For Yorba Linda, Calif. native Pfc. Karen Grewar, a truck driver with Company F, Forward Support Company, 1st Battalion, 8th Cavalry Regiment, 2nd BCT, the departure marks her first deployment to the combat zone.
"I get the benefits of being a driver and seeing all the different terrain over there," said Grewar. She further explained that her job allows her the opportunity to leave the forward operations base, something that many Soldiers may never get to experience. "We get to have a lot of face time with the infantry and the medics; so in that respect, it will be a new experience.'
'Obviously, there will be some danger over there, but I'm trained and prepared for it ... and I'm really looking forward to putting all the training we've done into place."
With a longing to work on humanitarian-based efforts, Grewar, who has been in the Army for about a year, originally wanted to join the Peace Corps or the Red Cross but decided that joining the Army and deploying to Iraq would give her many of the same opportunities to help others.
"There were some of my own needs that I wanted to meet -- my own agenda, which I found through giving back to my country by signing up for two years in the [military] and helping to improve the lives of people in other countries," Grewar said. "I'm looking forward to experiencing the satisfaction of seeing firsthand our efforts to assist in bringing peace and stability to the region."
With three previous deployments under his belt, Sgt. Mamadou Diallo, an unmanned aerial vehicle maintainer for the 2nd Special Troops Battalion, 2nd BCT, 1st Cav. Div., is no stranger to life in the combat zone.
"It's good if you've been there before because you know what to expect; You know that you'll be working long hours with little sleep. So it isn't that much of a shock," said Diallo. "But with that in mind, you also know what to do to get rid of stress. I always try to do things that keep me motivated like going to the gym, doing a lot of sports and taking correspondence courses.'
'I have a few mixed feelings about deploying but it's my job, and although I will miss my family, I'm not really down because I love what I do," added Diallo. "I feel good about my unit and the people I work with. It always hurts to leave your kids, but you're not alone because everyone else here feels the same way."

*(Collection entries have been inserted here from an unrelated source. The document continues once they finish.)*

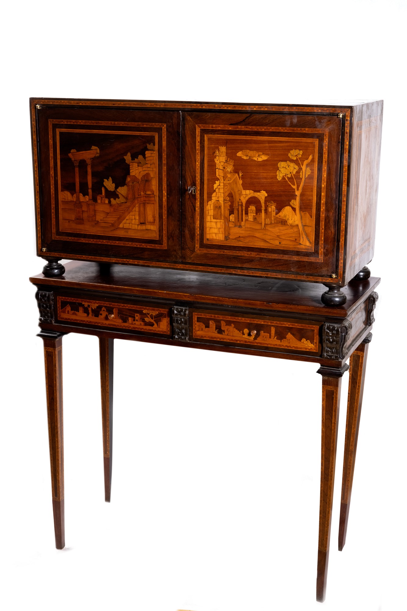 Stipo monetiere in legno finemente intarsiato con paesaggi e architetture, Italia centrale secolo XVIII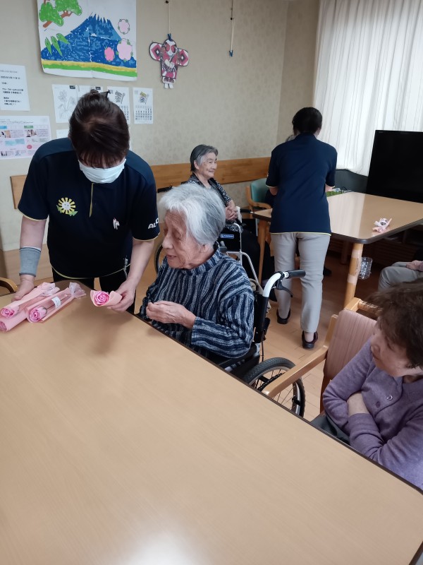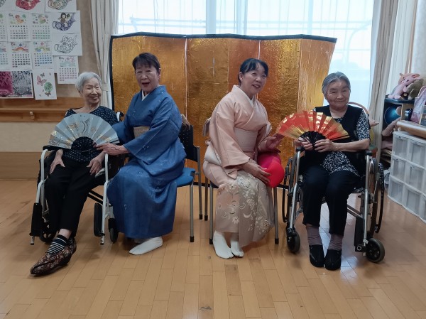 普段からご自身で着付けをされ、着物をお召しになられているご利用者様に今日は特別に帯を締めて頂きました♥
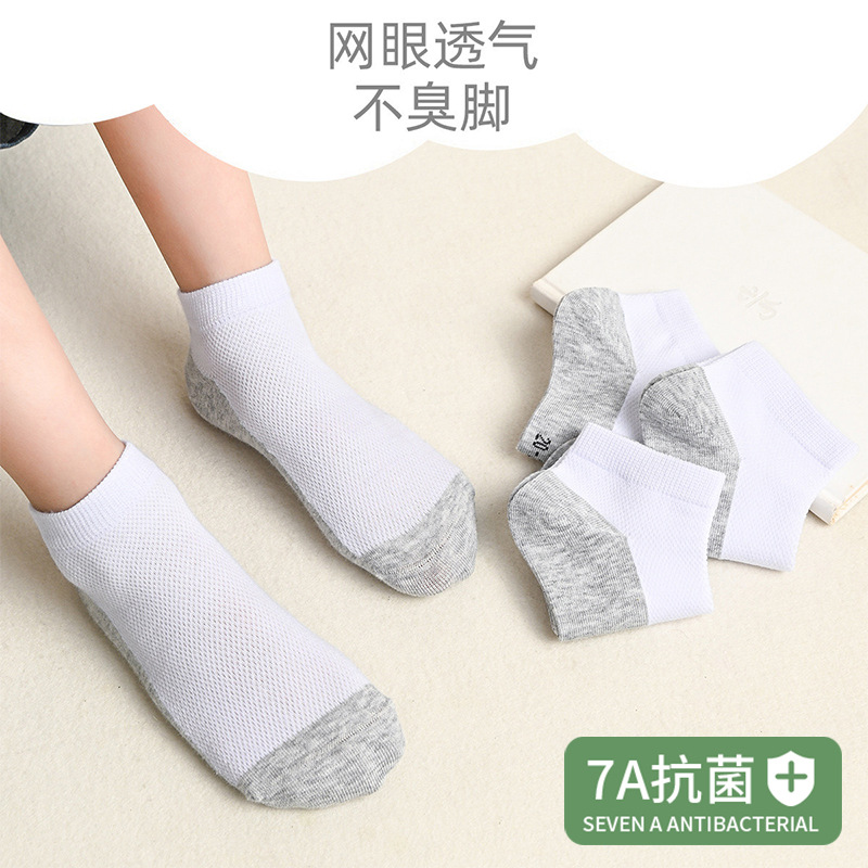 Xuweimeisiyuan 여름 항균 어린이 흰색 학생 양말 얇은면 양말 스포츠 양말 메쉬 통기성 뼈없는스토어 가기

Diallo, who calls Indianapolis, Ind. home and is a native of Guinea West Africa, said he has a lot of hope for his upcoming mission to Iraq and that some of his most memorable experiences in theater have involved interactions with Iraqi children.
"We see a lot of positives over there especially when you can help the kids in Iraq by giving them food or help them with getting them other vital things that they need like school supplies," said Diallo. "I understand this first hand because I come from a very poor country. One of the things you take away from experiences like this is to never take anything that you have for granted, and when you go back home you show a lot more love to your own kids."
The 1st Cav. Div., which encompasses approximately 19,000 troops, expects to have most of its brigades' Soldiers in Iraq by mid-February with the exception of Soldiers in the division's 1st Air Cavalry Brigade who will have boots on the ground by early summer 2009.